There's a lot happening, but none of it feels complex anymore. It just runs.
Beyond the Homelab

No matter how good your local hardware is, there will come a moment when you want a model that simply won't fit in VRAM. Llama 3.2 at 8B is quick and capable, but sometimes you need something beefier, and buying a 32GB GPU for occasional use is hard to justify.
That's where the Bedrock Access Gateway earns its spot. With an AWS account and a single IAM role, you can supplement your local models with Amazon Bedrock's full catalog, accessible through the same OpenAI-compatible interface your local models already use. Open WebUI doesn't know the difference. Neither does your IDE. You just switch the endpoint.
The performance difference is stark, too. Local inference with Llama 3.2 can take several seconds per response. AWS Nova Lite often starts responding in under a second, with dozens of other models available on demand. Alternatives like LiteLLM or OpenRouter offer similar reach, but I'd rather keep traffic inside a trusted perimeter (either the home lab network or a dedicated AWS VPC) than route it through a third party I don't control.

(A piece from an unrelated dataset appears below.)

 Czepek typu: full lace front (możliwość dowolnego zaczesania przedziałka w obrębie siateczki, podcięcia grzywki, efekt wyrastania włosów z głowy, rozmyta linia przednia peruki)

Word to the wise when working with AWS services: hold on to your wallet and set sensible limits. Bedrock charges by the token, and they add up fast.
Why Not Just Use Docker Compose?
Fair question. I asked myself the same thing, more than once.

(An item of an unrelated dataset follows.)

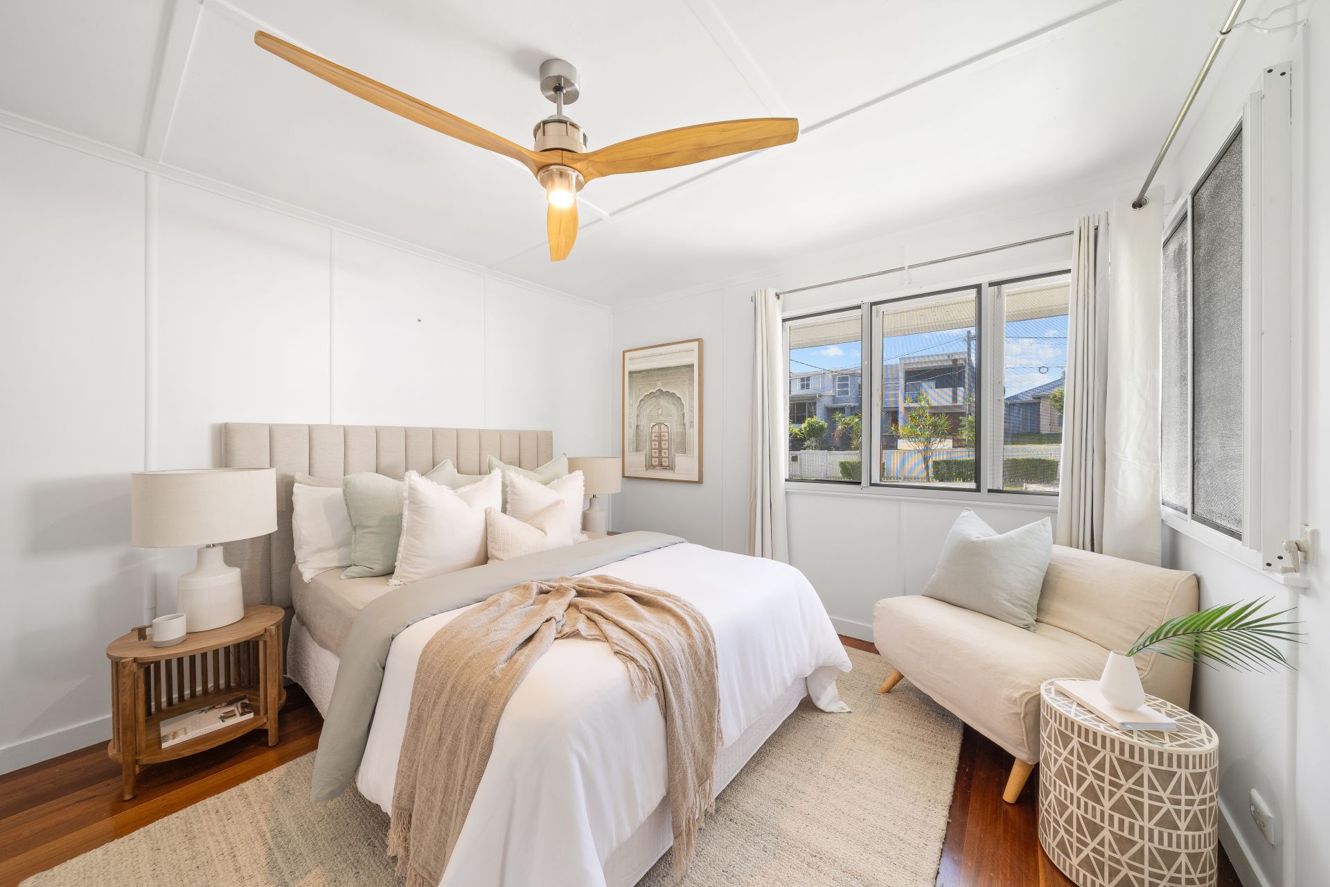 > The master boasts polished timber flooring, casement windows, security mesh, curtains, ceiling fan with light and built-in wardrobe.

I started with Kubernetes: full Kubespray, ArgoCD, Helm, the works. It was great until it wasn't. When Kubernetes breaks, it breaks spectacularly. I spent more time nursing a broken cluster back to health than I did actually building anything. (I did get very good at SRE. Whether that's a silver lining or a sunk cost, I leave as an exercise for the recruiter – er, reader.)

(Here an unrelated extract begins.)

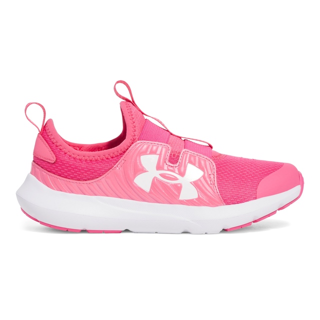 The Under Armour Kids' Grade School Outhustle 2 Slip Running Shoes feature a streamlined slip-on design for quick, easy wear. With a breathable mesh upper and leather overlays, these shoes offer durability and a secure fit. The EVA sockliner provides plush comfort, while the one-piece EVA midsole cushions impacts and supports quick transitions. Rubber pods beneath the heel and forefoot enhance traction without adding extra weight.
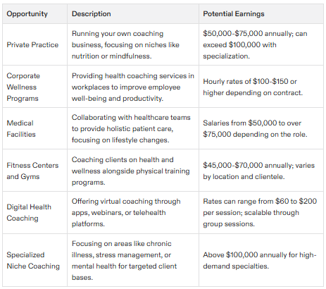 This surge in growth opens up a multitude of professional avenues for those with certification as health coaches, offering opportunities in environments such as:

The fallback was Docker Compose on my MacBook, which worked fine until it didn't: amd64 images that wouldn't run on Apple silicon, networking headaches with DNS and port forwarding, and no clean path to adding compute without jumping back into the Kubernetes deep end. Proxmox ended up striking the balance: easier to operate than Kubernetes, more flexible and reliable than Docker on macOS.
Why Not Just Use ChatGPT?
Cost is part of it. Owning the hardware provides some insulation against subscription creep. But the bigger reasons are security, governance, and flexibility.
Handing sensitive data to a third-party API is a real trade-off. OpenAI is excellent for OpenAI models, but the moment you want to evaluate multiple vendors, swap models with minimal friction, or keep your data out of someone else's training pipeline, you need to own the architecture. The learning experience is its own reward. Or so I tell myself at 11pm on a Tuesday.
Keeping It Accessible
One thing that surprised me about this setup is how little networking complexity it actually requires. Because Coder runs as a VM alongside everything else, it acts as a single ingress point to the environment: one open port on the firewall, one entry point for remote access.
For working away from home, I run pfSense with the Tailscale package, which turns the server into a WireGuard VPN exit node. With subnet routing enabled, I can connect from a coffee shop and work exactly as if I were sitting next to the machine. It's one of those configurations that sounds complicated and then, once it's set up, you forget it's even there.
What's Next
We've covered the supporting cast: Open WebUI for model interaction, Bedrock Access Gateway for cloud augmentation, Coder for remote development, and Tailscale for connectivity from anywhere. The core is solid. In upcoming posts, I plan to dig more into Coder and the tools around it, including evaluation platforms so you can measure your prompt effectiveness.
Until then, keep building. The breaking is part of it.